I'm trying automate the process of running hundreds of different regression analyses within the same table, based on different fields. I'm using the lm
function.
My data has a number of different elections results at the county level. I would like to compare the support for every candidate vs the percentage of voters over the age of 65 years old to see if there's a relationship between the two variables. For example "Is there a relationship between the number of older voters in a county and their support for candidate x?" I have hundreds or different elections - each with multiple candidates - and hundreds of counties for each election.
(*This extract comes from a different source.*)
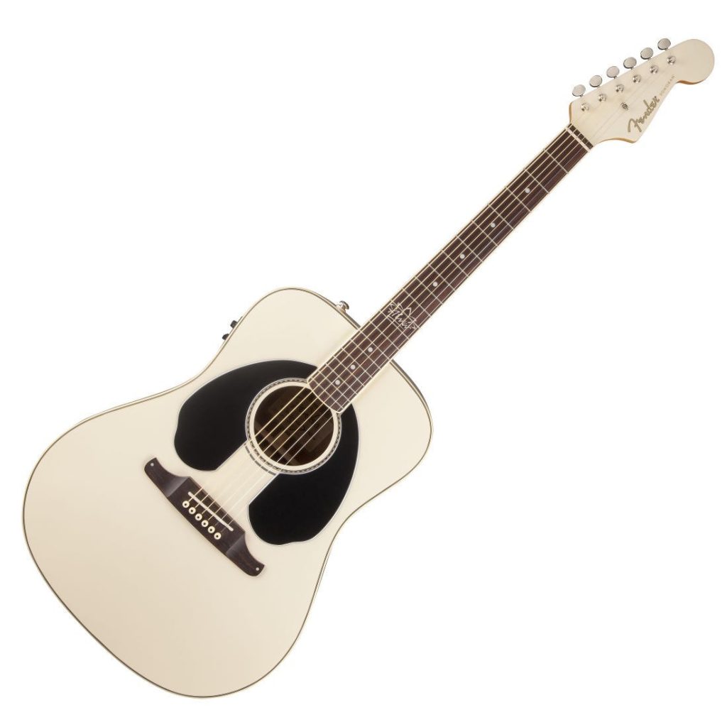 Some other features include quartersawn scalloped X bracing, checkerboard rosette and aged white neck and body binding, gloss-finish maple neck with C -shaped profile and dual-action truss rod, Stratocaster® guitar headstock, 20-fret rosewood fingerboard with 11.81 radius, rosewood bridge with compensated bone saddle, and vintage-style all-metal tuners.

I would like to run regression analysis for each candidate, in every race, for every county; and export a table that gives the slope and intercept for each analysis.
My input table is
contest county candidate percent_over_65 percent_support
1 1 1 .65 .44
1 1 2 .65 .34
1 1 3 .65 .22
1 2 1 .70 .60
1 2 2 .70 .30
1 2 3 .70 .10
2 1 4 .65 .70
2 1 5 .65 .30
2 2 4 .70 .60
2 2 5 .70 .40
My ideal output would be something like:
contest county candidate slope_value intercept_value
1 1 1 .05 .65
1 1 2 -.01 .23
1 1 3 .02 .17
1 2 1 .25 .36
1 2 2 .15 .45
1 2 3 -.02 .12
2 1 4 .75 .33
2 1 5 -.10 .18
This question and the answer by Hadley towards the bottom with 57 upvotes was very helpful; he used the plyr function that "deconstructed" the process once; But now, I essentially want to nest another plyr function within the original function (if that makes sense). It seems like I could add a couple of for-loops to the mix to get the desired result, but I haven't been able to figure it out. Any help would be much appreciated. Thanks!